We are unable to predict whether our future operations will be materially affected by these laws and regulations. It is believed that legislation and regulations relating to environmental protection will not materially affect our results of operations.
NOTE 14 – CONCENTRATIONS
We bid our gas sales on a month-to-month basis and generally sell to a single customer without commitment to future gas sales to any particular customer. We normally sell approximately 44% of our yearly natural gas production to one customer on a month-to-month basis. Since we are able to sell our natural gas to other readily available customers, the loss of any one customer would not have an adverse effect on our overall sales operations.
We maintain cash in depository institutions that are guaranteed by the Federal Deposit Insurance Corporation (FDIC) up to $250,000 per institution for our interest-bearing accounts in the years ended December 31, 2022, and 2021. At December 31, 2022 and 2021, cash in banks exceeded the FDIC limits by approximately $3.6 million and $3.9 million, respectively. We have not experienced any losses on deposits.
NOTE 15 – COMMITMENTS AND CONTINGENCIES
We may become involved from time to time in litigation on various matters, which are routine to the conduct of our business. We believe that none of these actions, individually or in the aggregate, will have a material adverse effect on our financial position or results of operations, though any adverse decision in these cases or the costs of defending or settling such claims could have a material effect on our business.
We sponsor turnkey drilling agreement arrangements in proved and unproved properties as a pooling of assets in a joint undertaking, whereby proceeds from participants are reported as Deferred Drilling Obligations. The contracts require the participants pay us the full contract price upon execution of the agreement. We typically begin the drilling activities within 12 months of funding and reach total depth between 10 and 30 days after drilling begins.

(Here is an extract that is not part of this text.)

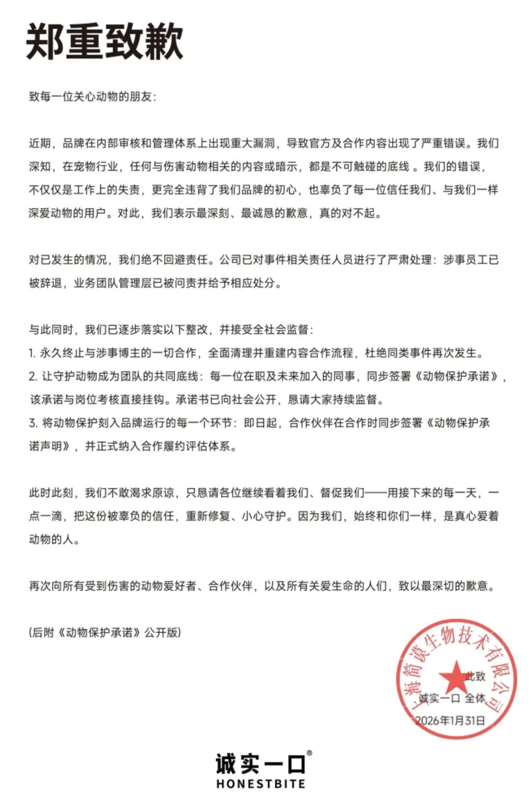 1月31日,诚实一口发布致歉声明表示,公司已对事件相关责任人员严肃处理,并永久终止与涉事博主的一切合作。
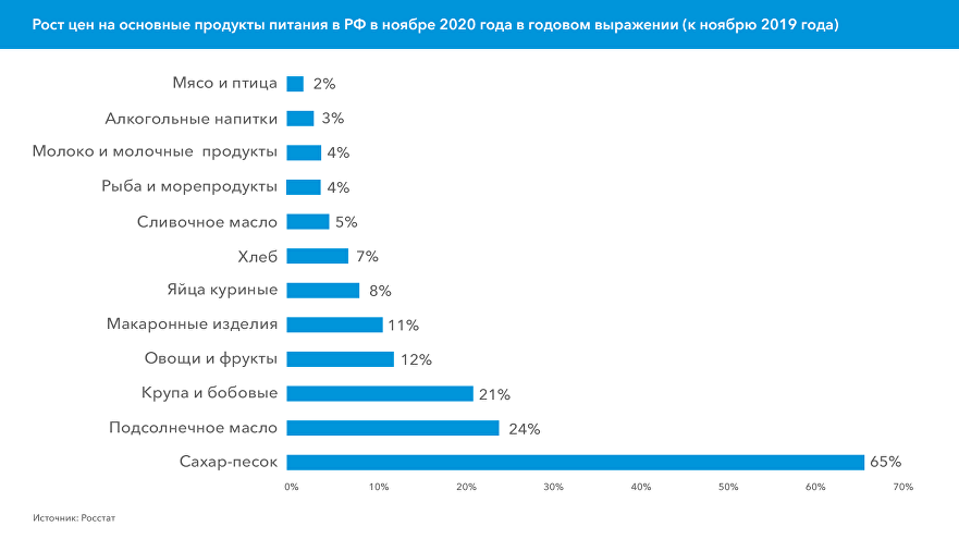 График. Рост цен на основные продукты питания в РФ в ноябре 2020 года в годовом выражении (к ноябрю 2019 года)

NOTE 16 – CORONAVIRUS AID, RELIEF, AND ECONOMIC SECURITY ACT (“CARES ACT”)
During 2020, the CARES Act provided tax benefits and potential loans/grants for businesses and non-profits. On April 13, 2020, we successfully completed the process to obtain a $207,800 PPP Loan through the SBA with Bank of Southern California (“BSC”) under the CARES Act. The interest rate was 1.00 percent per year fixed with a two-year term and all payments deferred for six months subject to loan forgiveness as provided for under the CARES Act. On November 2, 2020, our loan with BSC was paid down by $198,846 ($197,800 in principal and $1,046 in interest) as a result of completing the process of loan forgiveness under the terms of the CARES Act. The loan balance of $10,054 was forgiven and paid by the SBA in February 2021.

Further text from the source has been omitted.